Глава двадцать первая
Накануне праздника в Вязевку приезжают кинопередвижка, артисты. С ними два поэта и лектор. Лектор, сухой, длинный человек с громадным портфелем и очень подвижный. Отыскал завклубом брата Полковника Василия.
Устраивают сцену. Артисты прогулялись к озеру, потолкались в промтоварном магазине. Часам к восьми собрался народ в клуб. Лектор объявил программу: сегодня будет прочитана лекция на тему «Современность и религия», выступят поэты, артисты; покажут первую часть двухсерийного фильма. Завтра артисты дадут еще концерт и покажут вторую часть фильма.

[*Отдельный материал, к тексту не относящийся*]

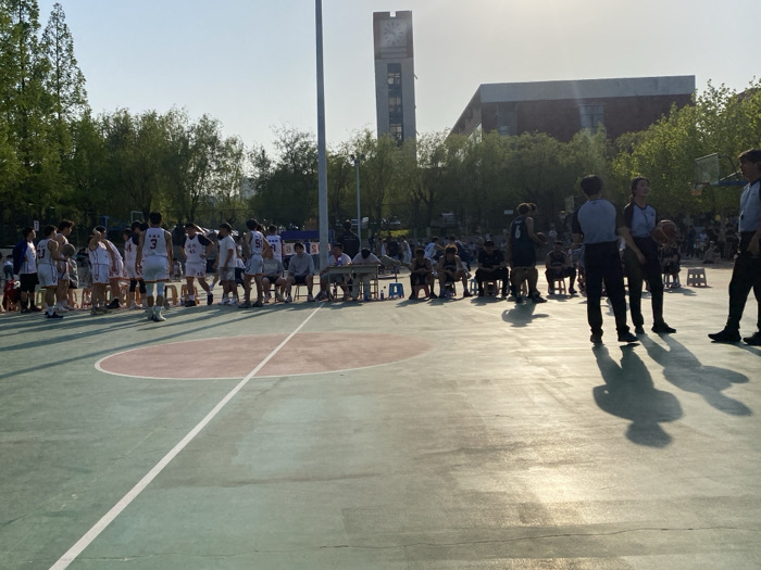 basketball court in Qingdao, China, at the coordinates 36.005, 120.115. The court is green with white lines and a red circle at center court. There are two teams of young men facing each other, with a few spectators seated on benches along the sides. The players wear white jerseys with red and blue accents, and the spectators are wearing casual clothing. One player holds a basketball. The players are engaged in a game, with the spectators watching intently. The sun is shining brightly and casting long shadows. There is a tall building in the background with a clock tower on top. The building appears to be part of a university campus, as there are trees and other buildings in the background. The scene is a typical day at a basketball court in Qingdao, China.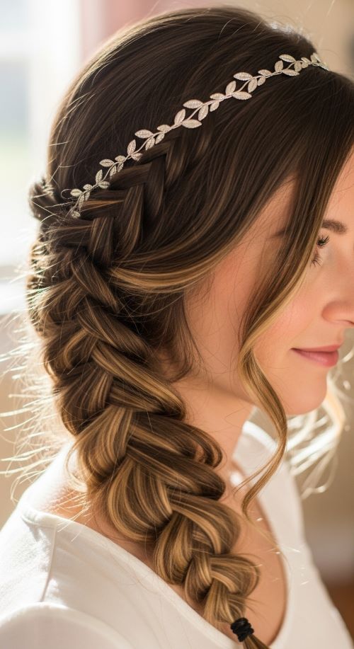 18. Side Braid with Headband Accent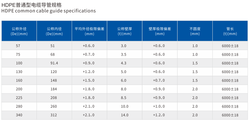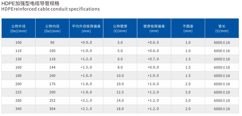 電纜導管分類為(wéi)普通(tōng)型、加強(qiáng)型,普通型(xíng)主要適用於綠化帶、人行(háng)道等多種(zhǒng)場合下的直埋;加強型主要適用於行車道等承壓場合下直埋、頂管。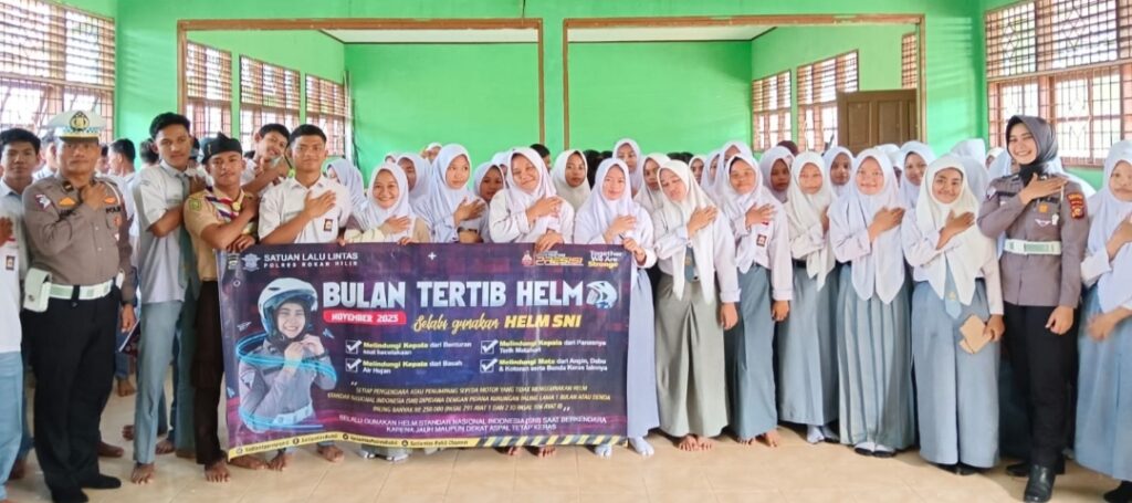 ROHIL- Kembali Satlantas Polres Rohil kembali laksanakan kegiatan Sosialisasi Tertib Berlalu Lintas dan tertib Bulan November Tertib Helm di Sekolah, di Media Sosial, Pawai Helm, dan Ditengah masyarakat, Kabupaten Rokan Hilir, Rabu 29/11/2023, Pukul 09.00 Wib.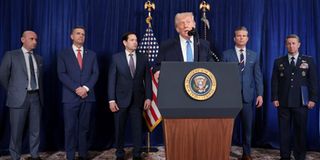 U.S. President Donald Trump speaks as White House Deputy Chief of Staff Stephen Miller, CIA Director John Ratcliffe, Secretary of State Marco Rubio, Secretary of Defense Pete Hegseth and General Dan Caine, Chairman of the Joint Chiefs of Staff, look on during a press conference following a U.S. strike on Venezuela where President Nicolas Maduro and his wife, Cilia Flores, were captured.PHOTO | REUTERS

Сказав об этом, лектор зачем-то скрывается за кулисы, моментально появляется и уже другим, более официальным тоном около часа говорит о религии, о том, кому она нужна и для чего. Едва лектор скрылся, на середину сцены вышел рослый и здоровый парень в черном костюме. Он вскинул руку вверх, произнес:
— «Россия»! Стихи.
Помолчал, глядя в потолок, встряхнул стриженой головой. Читает он громко и не торопясь. Но поймать, прочувствовать смысл слов трудно. До всех долетают строчки, которые он особенно громко выкрикнул:
Они ругают все
И всех бранят,
Но сало русское едят!
Парень прочитал еще стихи о земле, на которой выросла какая-то чудесная яблоня. И как мозолистые корявые руки гладили тонкую кожицу яблони, как это было ей приятно. И она одарила эти руки замечательными плодами. Зимой же мороз набросился на яблоньку, хотел уничтожить ее. Но… И тут поэт опять возвысил голос:
…Металась вьюга злей и злей, —
Она согретая стояла
Теплом тех грубых мозолей!
И хотя последовали еще три веселые басни, осталось впечатление — он чем-то недоволен. Выступил еще поэт, худенький, видом робкий мальчик. Но, читая стихи, тряс головой, почти кричал и топал ногой. Читая какое-то длинное стихотворение, он почему-то вдруг умолк. В зале подумали, что он забыл, и кто-то хихикнул. Но тут же мальчик опять вскинул голову и докричал до конца. Потом выбежала на сцену маленькая, стройная женщина в черном трико, за ней мужчина и тоже в трико, но в красном. Публика охнула… После этой пары очень полная женщина пропела под гармонь несколько русских народных песен. Потом показали фильм о баптистах, которые довели девушку до самоубийства.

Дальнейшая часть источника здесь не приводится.